# Tanking advantage of the cooler spring



## redneck5236 (May 14, 2021)

Couple days ago the high temp for day was to be 59 degrees ! Figured I would take advantage and smoke some cheese pepperoni and eggs ! Four wheeler season is starting soon will make great trail snacks for four wheeler camp ! More excited this year about camp because I have a brand new 2021 can am 570 xt sitting my shed with 3 miles on it , by end of June it will have 300 miles !


----------



## crazymoon (May 14, 2021)

RN5236, Nice snacks for wheeling !


----------



## Winterrider (May 14, 2021)

Heck yea. . .


----------



## smokin peachey (May 14, 2021)

Looks great!


----------



## Steve H (May 15, 2021)

Looks good. I do the same for trips.
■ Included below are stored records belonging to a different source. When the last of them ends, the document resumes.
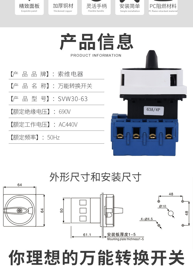 索维 SYW30-63A/4万能转换负载断路开关主控旋转档位通断组合开关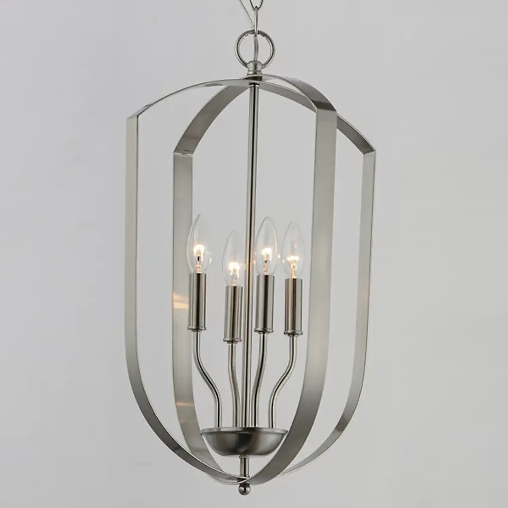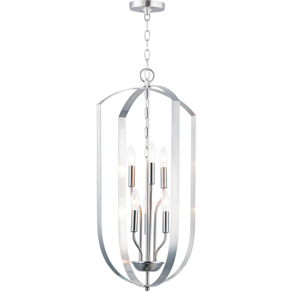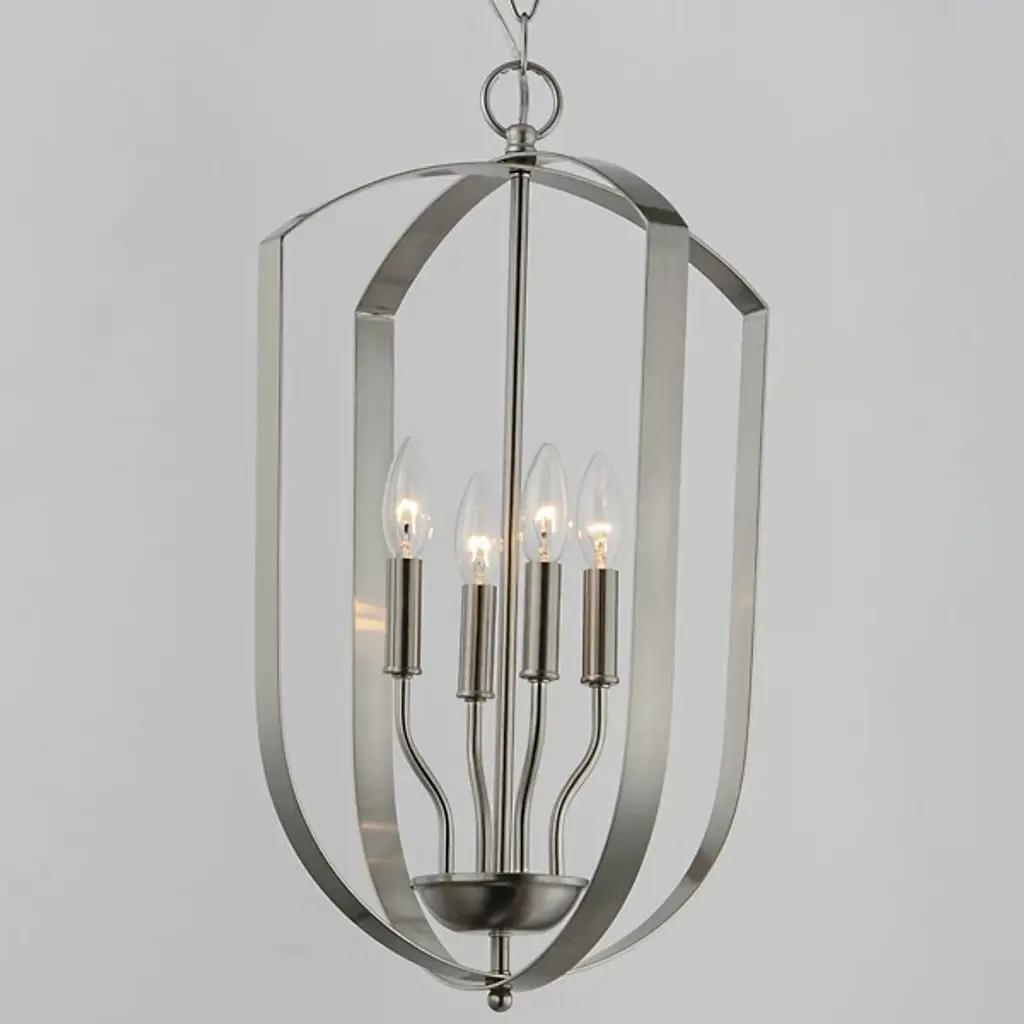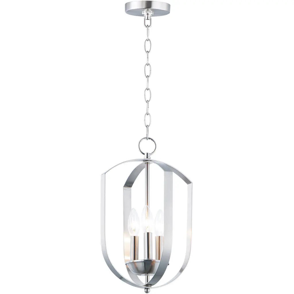 The Provident Pendant by Maxim Lighting is a handsome, airy design. Suspended from a round canopy by a linked chain, a decorative loop tops an openly styled frame made from slender metal bands that are gracefully curved, surrounding a set of exposed candelabras. A lovely finish dresses up the simple and sleek silhouette of this pendant as the lights within shine freely onto surroundings, offering spaces a bright, beautiful touch.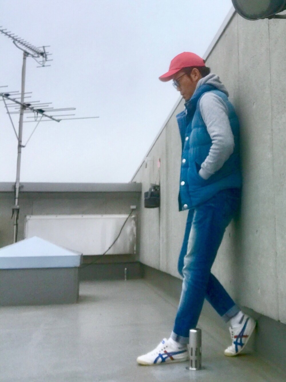 デニデニコーデ😆👍 中綿デニムベスト✖️クラッシュデニム 差し色に赤キャップ さらに、ポイントは 見えないけど、ボーダーソックスのトリコロール スニーカーもオニツカタイガーのトリコロール トリコロール好き🤣 Instagram➡︎@crowd0614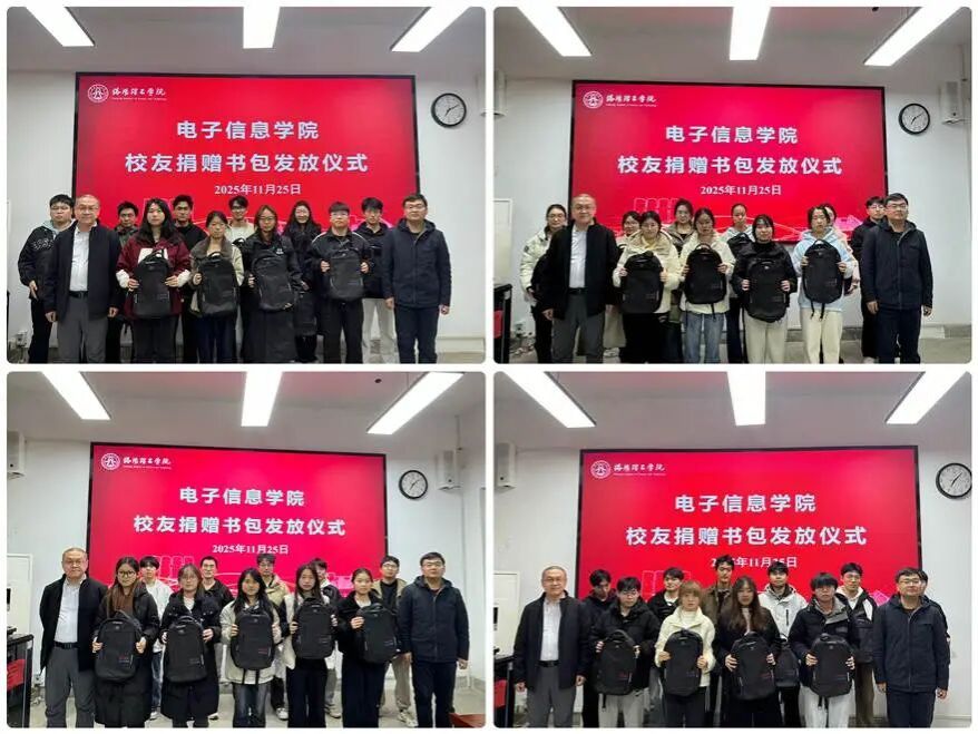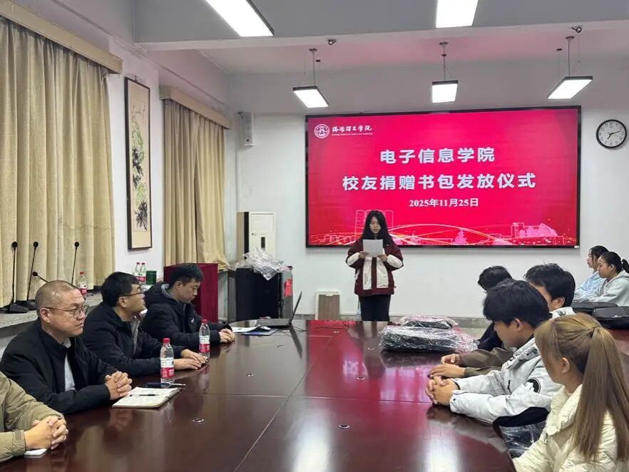 饮水思源明心志,感恩母校培育情。11月25日,索能环境公司创始人、我校2011级校友范伟以实际行动回馈母校,为电子信息学院学子捐赠100个多功能双肩包。捐赠仪式在学院会议室举行,学院党委书记杨涛、党委副书记陈朝辉、团委副书记金春阳出席捐赠仪式,捐赠仪式由学工办副主任赵文婷主持。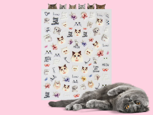 Kitty Cat Nail Art Stickers/Tabby Cat Ragdoll Persian Cats Nail Art Stickers Self Adhesive Decals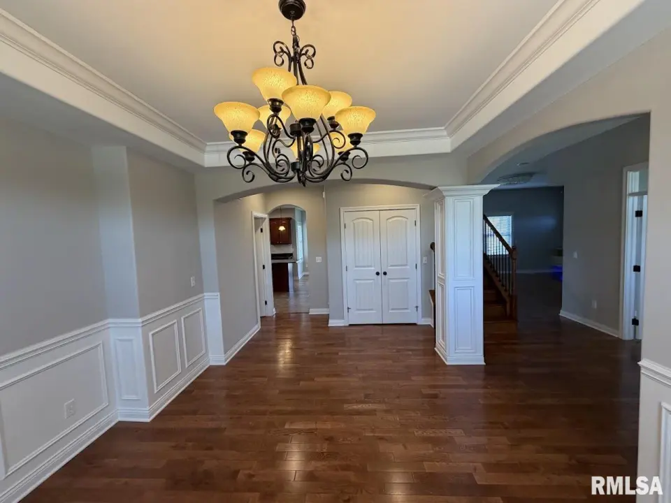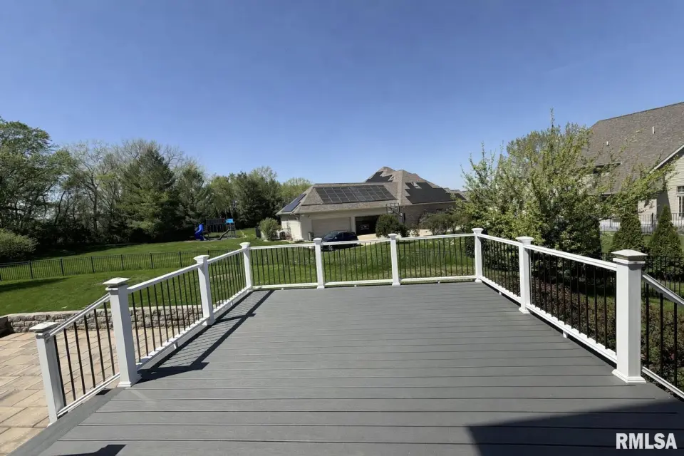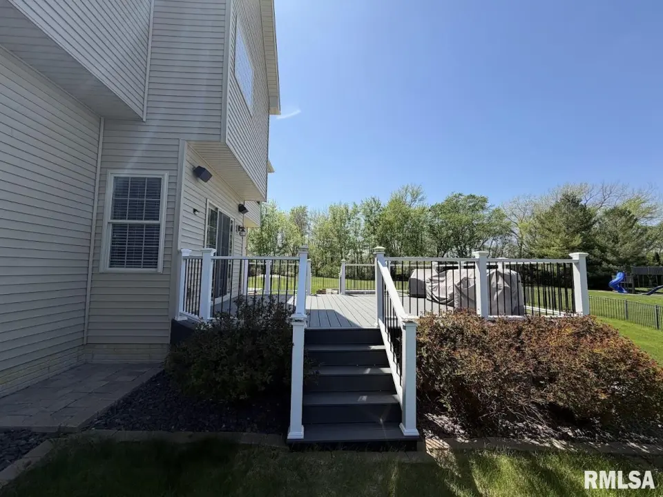 This home showcases brick exterior accents, a dramatic two-story entry, and an oversized 3-car garage. Inside, you’ll find an elegant dining room with hardwood floors, crown molding, and wainscoting; a main-floor study with hardwood flooring and crown molding; and a spacious family room featuring a statement chandelier and an LED fireplace. The gourmet kitchen offers top-of-the-line stainless steel appliances, granite countertops, a large center island, and tile flooring with coordinating backsplash. A separate secondary kitchen provides added convenience for prep or cooking aromatic meals while keeping the main kitchen spotless. Retreat to the impressive primary suite with tray ceiling and built-in speakers. The en-suite bath includes a walk-in closet, tiled shower, corner jetted tub with glass block window, and dual sinks. Upstairs, you’ll find four additional bedrooms, including a private guest suite with its own full bath. Another shared bath features a double-sink vanity plus a separate area for the toilet and shower—an ideal layout for busy mornings. The finished basement features a theater area with built-in speakers and an additional bedroom with egress window and full bath. Outside, enjoy a new composite deck, paver patio, and a shed, plus a backyard fence with aluminum fence. Move in ready!

I use the zipper lock vacuum bags when I do it.


----------



## SmokinAl (May 15, 2021)

Heck yea!
Looks like your set for a while!
Al


----------



## Bearcarver (May 15, 2021)

*SNACK TIME!!!*

Now We're Ready!!
Nice Job!!
All I would need now is a Football Game!!!
Like.

Bear


----------



## WaterinHoleBrew (May 15, 2021)

That all looks great, nice job!


----------